Valiente, generoso y al servicio de Dios en
medio de un pueblo infiel y descreído.
Algo así como tienen que vivir muchos
católicos hoy.
Además, en el caso de Elías, se daba el agravante
de que Jezabel, la reina perversa, lo perseguía a muerte.
Pues este hombre, amigo de Dios lo llama la
Biblia, un buen día se aburrió de todo y se fue caminos de desierto.
Solo y sin compañía de ninguna clase, ni su
criado.
Se iba en busca de Dios, imitando a Moisés,
para conocer su voluntad en el monte de la contemplación, el Horeb (Sinaí).

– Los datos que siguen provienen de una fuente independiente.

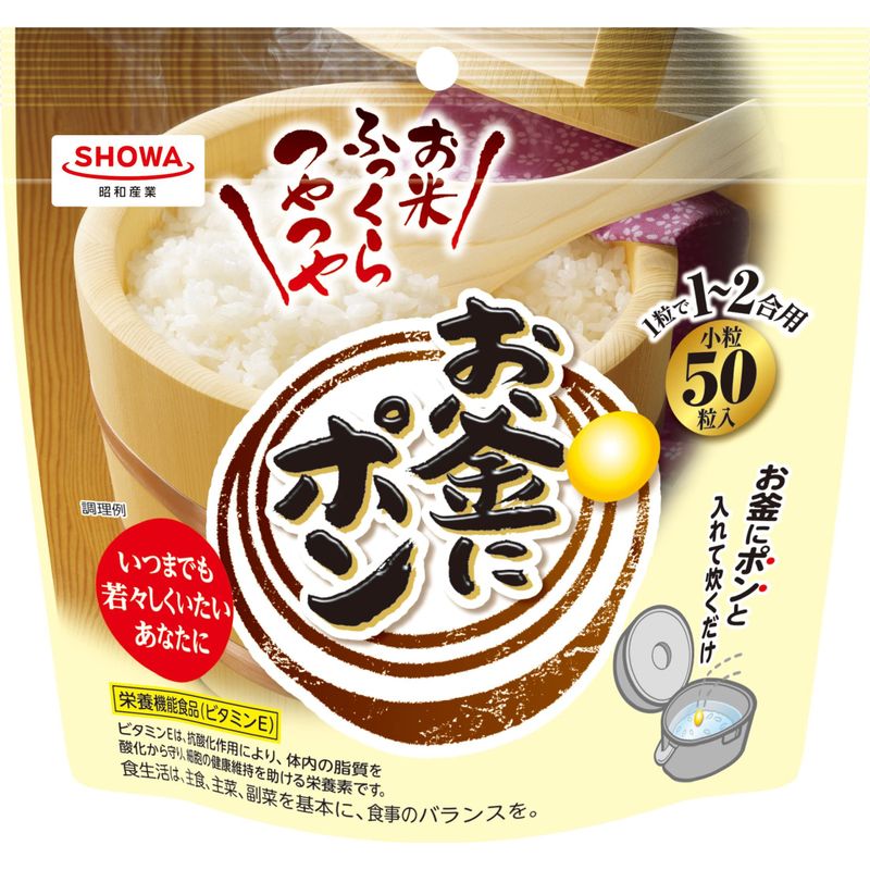 商品紹介 栄養機能性食品(ビタミンE)です。炊飯時にポンと1粒いれるだけ。お米がふっくらつやつや、おいしく炊き上がります。1~2合に一粒が目安です。米1合にお釜にポン1粒使用のご飯1杯分(150g)に、14mgのビタミンEが含まれます。ビタミンEは、抗酸化作用により、体内の脂質を酸化から守り、細胞の健康維持を助ける栄養素です。食生活は、主食、主菜、副菜を基本に、食事のバランスを。 原材料・成分 とうもろこしはい芽油(国内製造)、ゼラチン、小麦はい芽油/グリセリン、抽出ビタミンE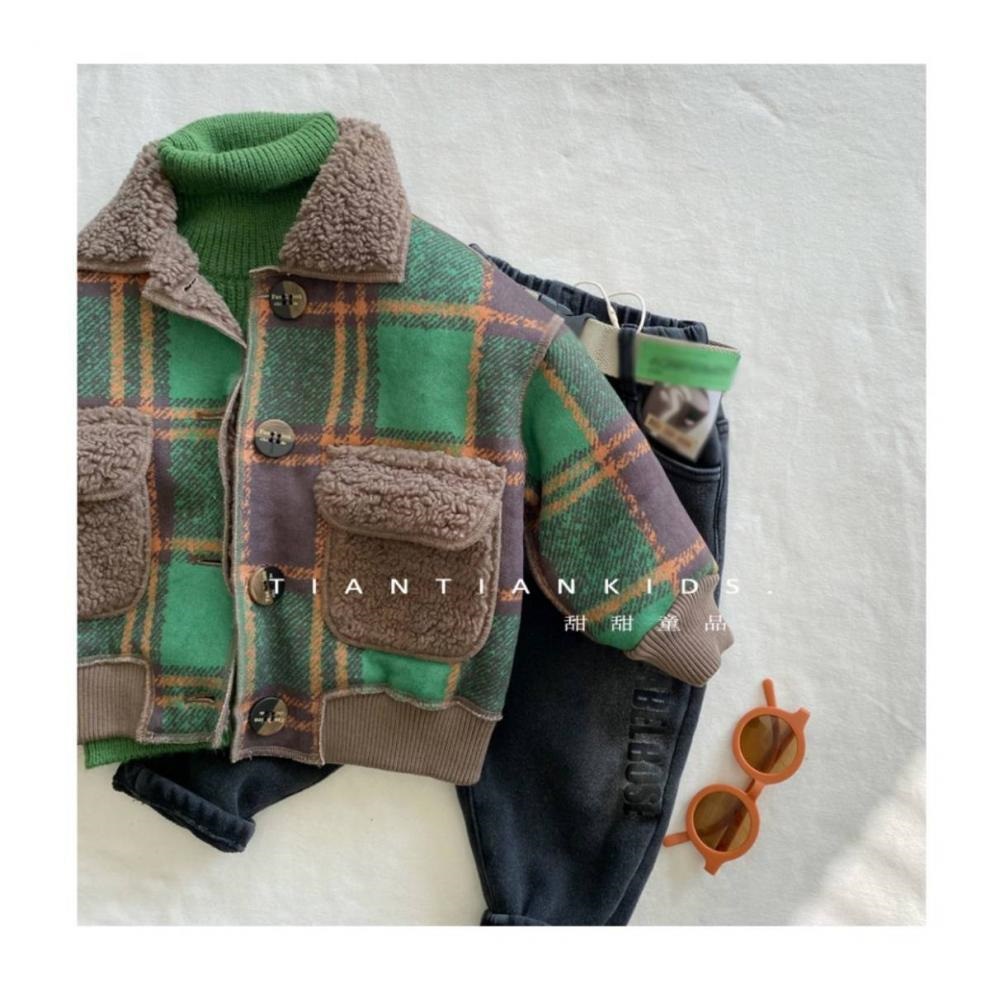 소년 한국 스타일 옷깃 녹색 격자 모피 코트 어린이 2025 가을, 겨울 새 스타일 아기 소녀 싱글 브레스트 벨벳 재킷스토어 가기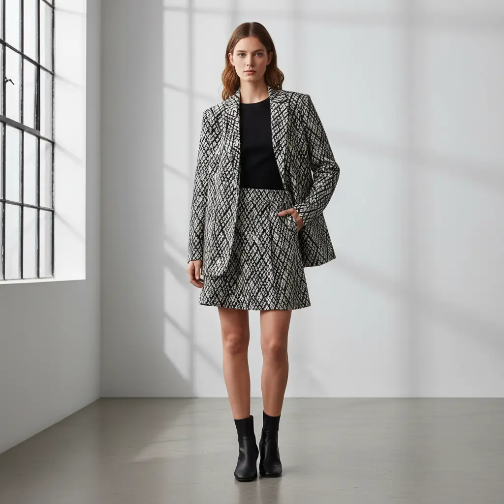 Tessuto Jersey peso autunnale a fantasia motivo bianco – nero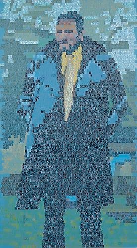 In the same way that the Richard Pryor quote is about race and overpopulation, Den Breejen’s painting of Allen Ginsberg (“Friday the Thirteenth”) is about the environment, war, and power, and equates earth pollution with mind pollution.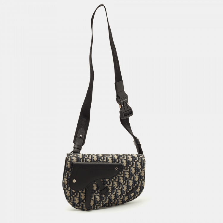 حقيبة ديور سادل باوتش كانفاس أوبليك كحلي/أسود وجلد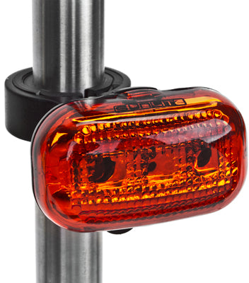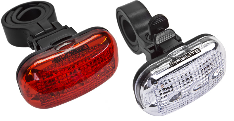 The advanced Nichia LED front light offers up to 200 hours of run time off of a pair of (included!) AAA batteries. It features two operating modes; steady and flashing, and will easily mount on just about any standard handlebar tube. Safe riding at night requires a decent tail light as well, and this super bright LED tail lamp uses the same two operating modes (steady and flashing) as its headlight sibling.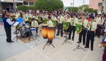ERP. Especialistas de música y danzas tuvieron a cargo la evaluación de los participantes de I Concurso Interescolar de Bandas y Danzas Folclóricas. Un colorido espectáculo de música y danza ofrecieron las delegaciones de diez de los colegios más representativos de Talara, los cuales se dieron cita en la Plaza Grau de Talara para participar en el I Concurso Interescolar de Bandas y Danzas Folclóricas, organizado por PETROPERÚ como parte del programa de celebraciones por el Centenario de Refinería Talara.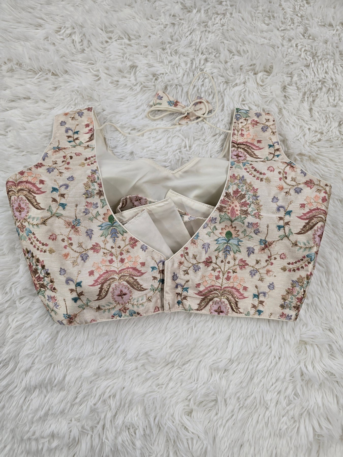 Cream Woven Silk Readymade Blouse – V-Neck Design with Pastel Floral Weaving & Tassel Tie-Back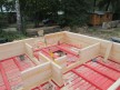 Из 9х14см, 14х14 см или 14х19 см. Сборка сруба в теплый угол на нагеля или гвозди 200 мм со сверлением отверстия в верхнем брусе (в зависимости от вида бруса).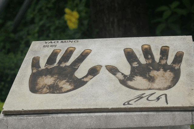 进了景区大门,就是星光大道,有很多明星手印,姚明最受欢迎,都被摸得褪色了。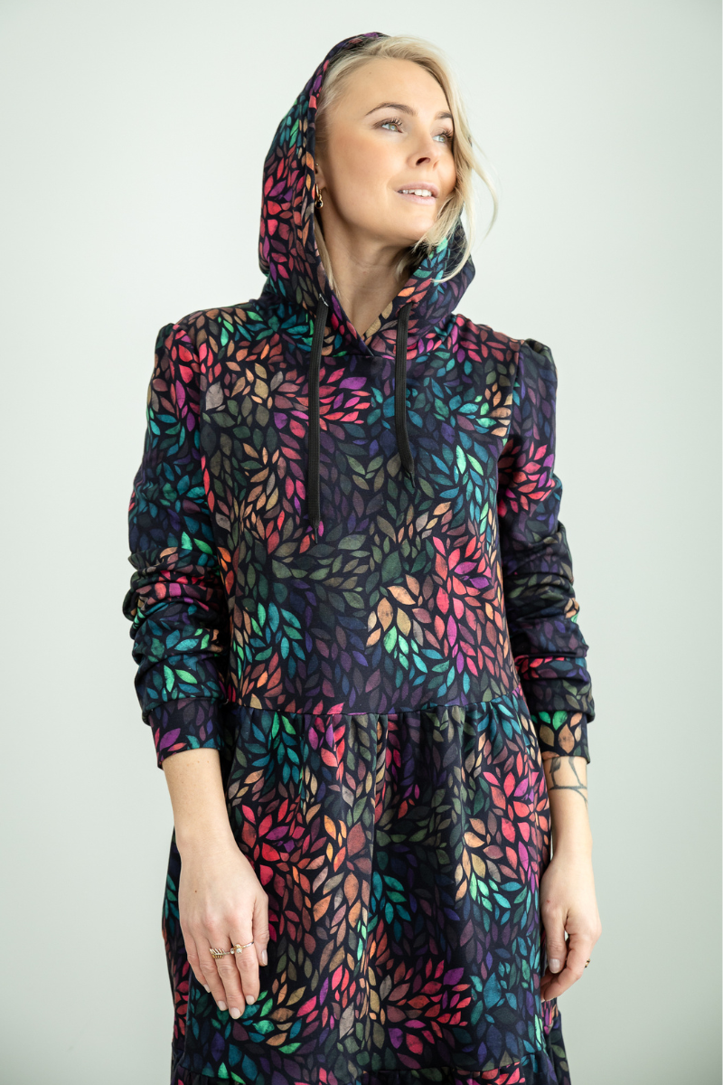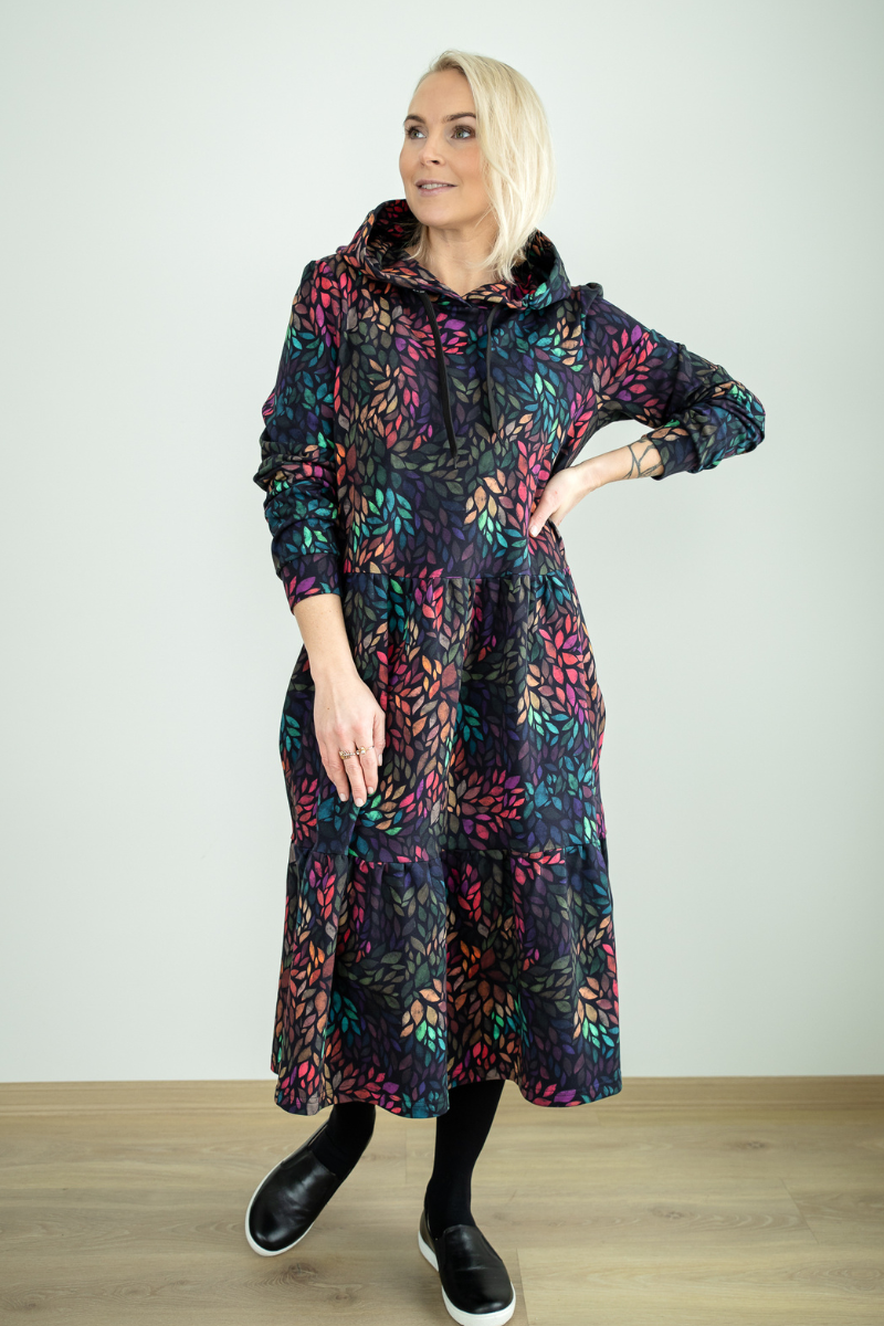 Avara lõikega pikem figuurisõbralik taskute ja kapuutsiga kleit Helen Värvide Mäng-Kohe laos XL-viimased jäänud

Después de un día de soledad y tristeza
abrió su corazón a Dios:
- “Basta, Señor, quítame la vida que yo no
valgo más que mis padres.
Se echó bajo la retama y se durmió. De
pronto un ángel lo tocó y le dijo:
- ¡Levántate y come!
Miró Elías y vio a su cabecera un pan
cocido sobre piedras y un jarro de agua. Comió, bebió y se volvió a echar. Pero
el ángel del Señor le volvió a tocar y le dijo:
- ¡Levántate y come!, que el camino es
superior a tus fuerzas.
Elías se levantó, comió y bebió, y, con la
fuerza de aquel alimento, caminó cuarenta días y cuarenta noches hasta el monte
de Dios Horeb”.
Es claro que ese rico pan y agua fresca es
símbolo de la Eucaristía de la que hoy nos sigue hablando el capítulo seis de
San Juan. En ella tomamos las fuerzas necesarias para caminar del tiempo a la
eternidad:
- “Yo soy el pan de la vida. Vuestros
padres comieron en el desierto el maná y murieron: éste es el pan que baja del
cielo para que el hombre coma de él y no muera.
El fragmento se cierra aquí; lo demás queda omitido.